I don’t know why I don’t have PTSD. It’s not because I’m better or stronger than my squad mates—more likely that I’m just a cold bastard. That’s what my youngest sister claims.
“I’m going to need you to sign my books.” She has a big-screen television, one of those curved ones, and three different game consoles underneath. Whatever happened in her past, it hadn’t killed her love for the medium. I finish my inspection of the interior and walk to the kitchen.
“Just bring them over. You know how to get in.” Her sultry voice is about an octave lower than earlier, and scratchy, as if she’s spent a long time screaming. A quick vision of sheets, bedposts, and an arched back flash through my mind.
All right, Jake. Get a hold of yourself. It’s only been a few weeks since I last got laid so I’m not sure why I’m having such a visceral reaction to this woman whose face I haven’t seen.
“I’m almost done here.”
The last room is her bedroom and while I need to see inside of it, I know she’s not ready. Not today. Resolutely I turn away. “I’m leaving now.”
At the kitchen counter, I pull out a small jar of powder and a brush. “A pre-Hollywood invention. Fingerprint dusting powder so you know where I was in your apartment,” I write on a notepad I find on the counter.

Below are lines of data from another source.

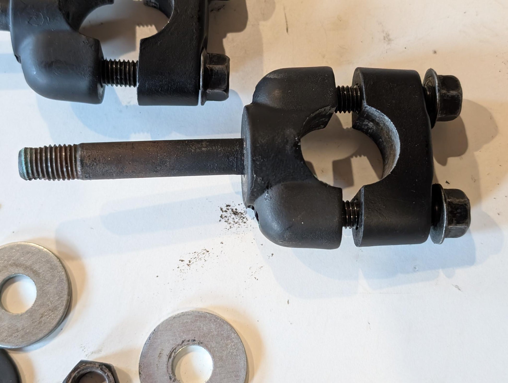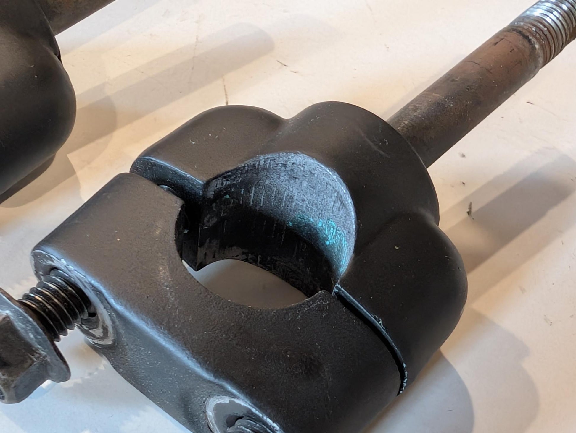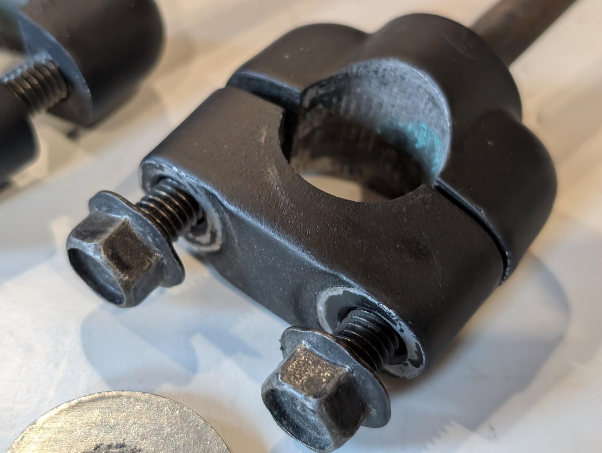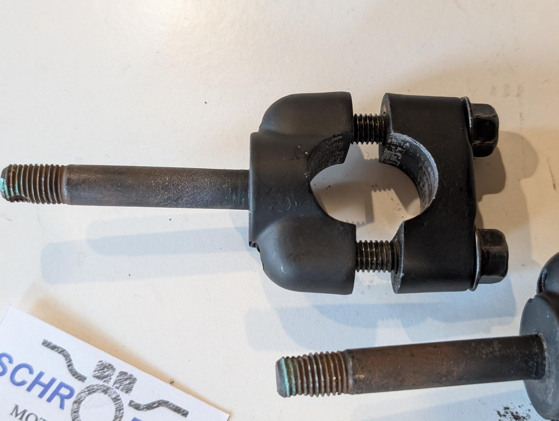 Yamaha XT600 43F Lenkerhalter 1E6-23441-00 3Y6-23442-00-98 Schraube 95826-08035 gebraucht, in gutem altersgemäßem Zustand, wurden matt schwarz nachlackiert, siehe Fotos.
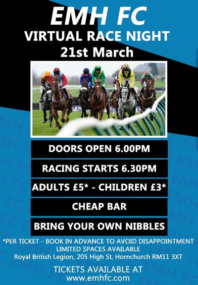 EMH will be hosting their 3rd annual Race Night on Saturday 21st March at the Royal British Legion in Hornchurch.
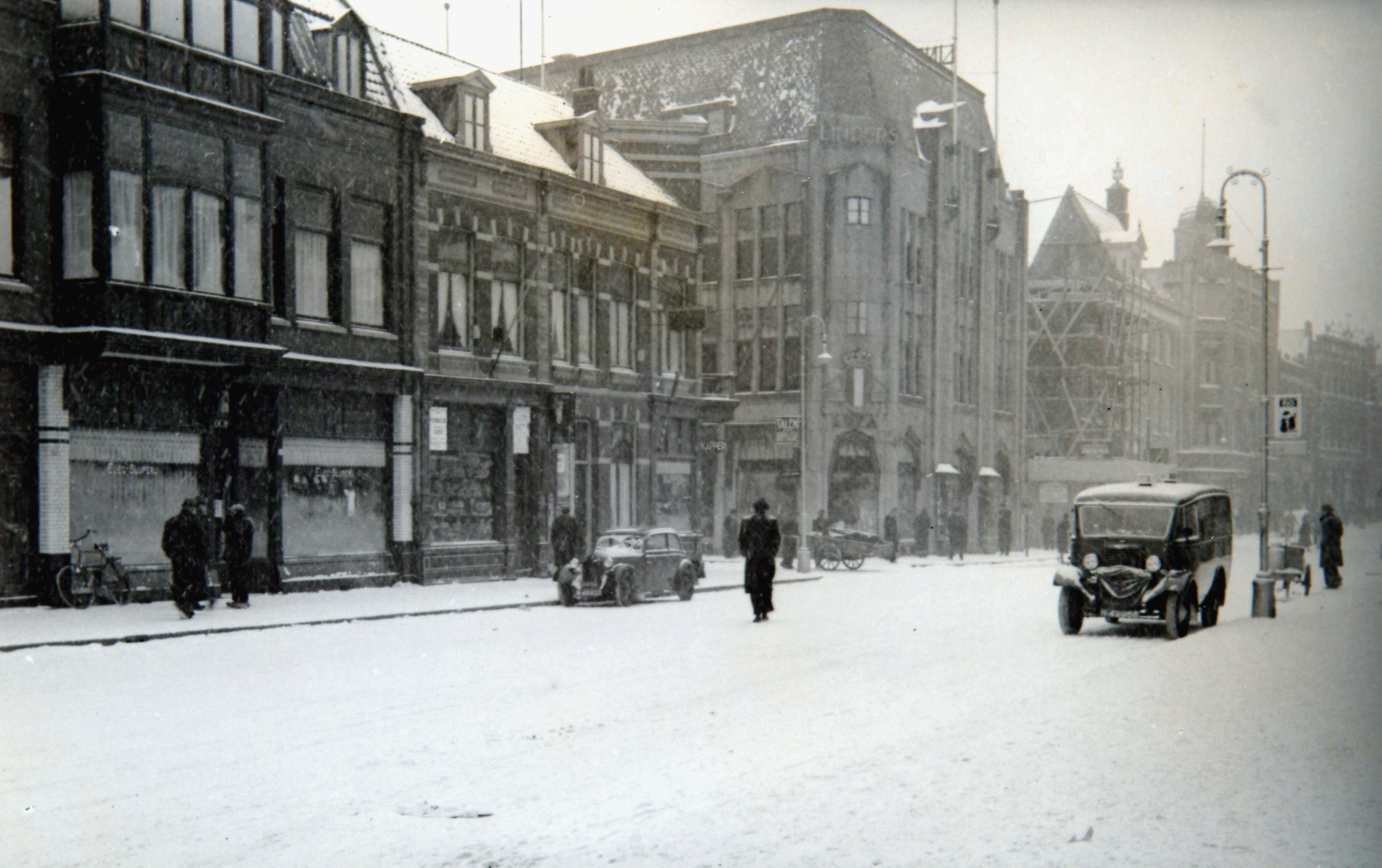 - Gezicht op de zuidelijke bebouwing van het Bagijnhof, het grote pand in het midden is de winkel "Linders", op de hoek van de voormalige Raamstraat
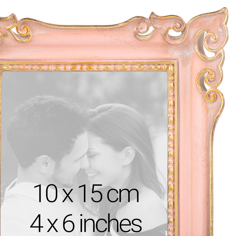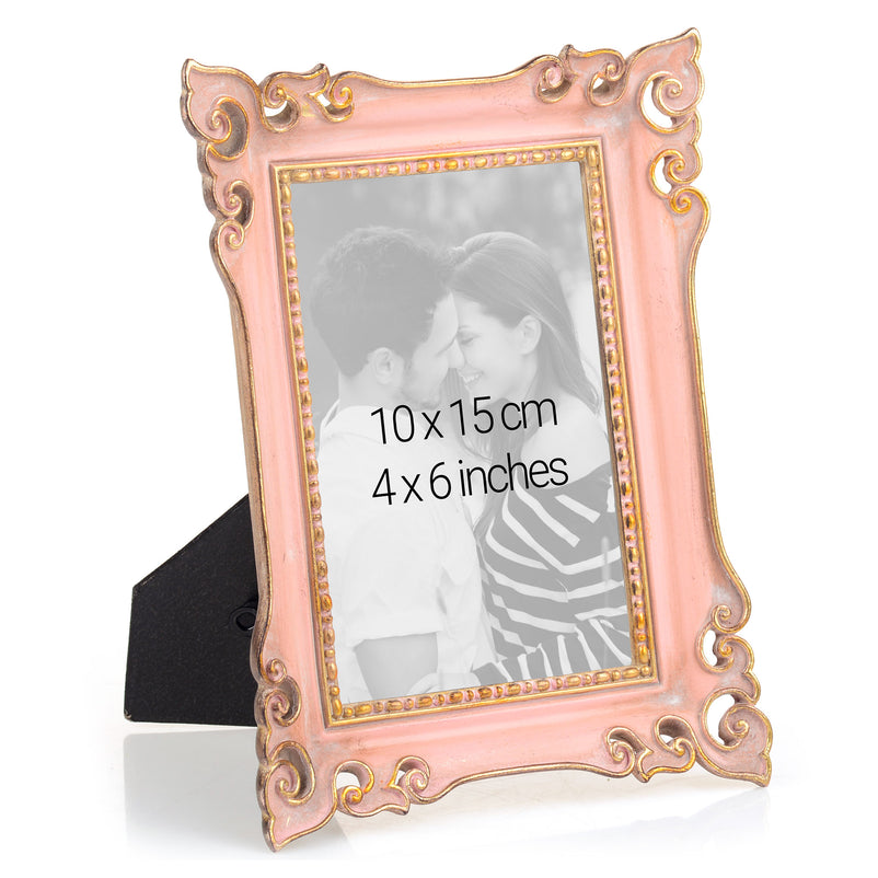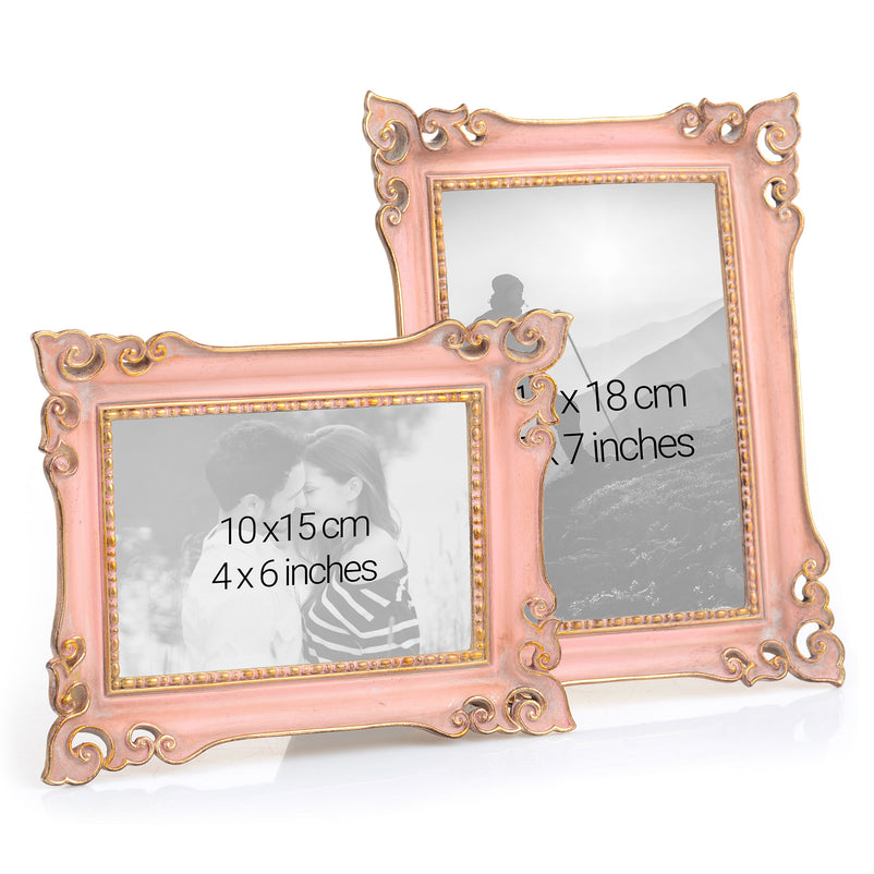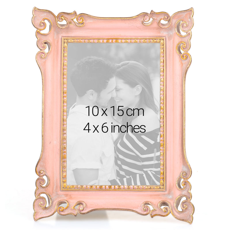 Ramă foto Adelinne. Un accesoriu deosebit pentru spațiul vostru, rama Adelinne reprezintă alegerea perfectă pentru personalizarea acestuia cu amintiri frumoase. Realizată din polirășină, este colorată în roz și auriu.

I hope my token apology for interfering with her life, causing a slight panic attack, is offset by this. As I climb the stairs to the top floor, so it looks like I was with Graham the whole time, and then travel down the elevator to the lobby, something about the whole sweep of the apartment nags at me. Was it that I didn’t get to see her bedroom and complete my assessment of her security needs? Was it that I didn’t get to take Natalie’s measure by looking her in the eye?
It isn’t until my feet hit the sidewalk that I realize that I want Natalie to like me, not to be afraid of me. I look down at my arm, the one that is missing a hand, and then the leg, the one that is missing the calf and foot. Turning around, I stare up at the window in the far right corner. There’s a movement there, a twitch of the curtain. I hold up my good hand and shove the bad one in my pocket.
No, let’s be honest. I want Natalie to be attracted to me.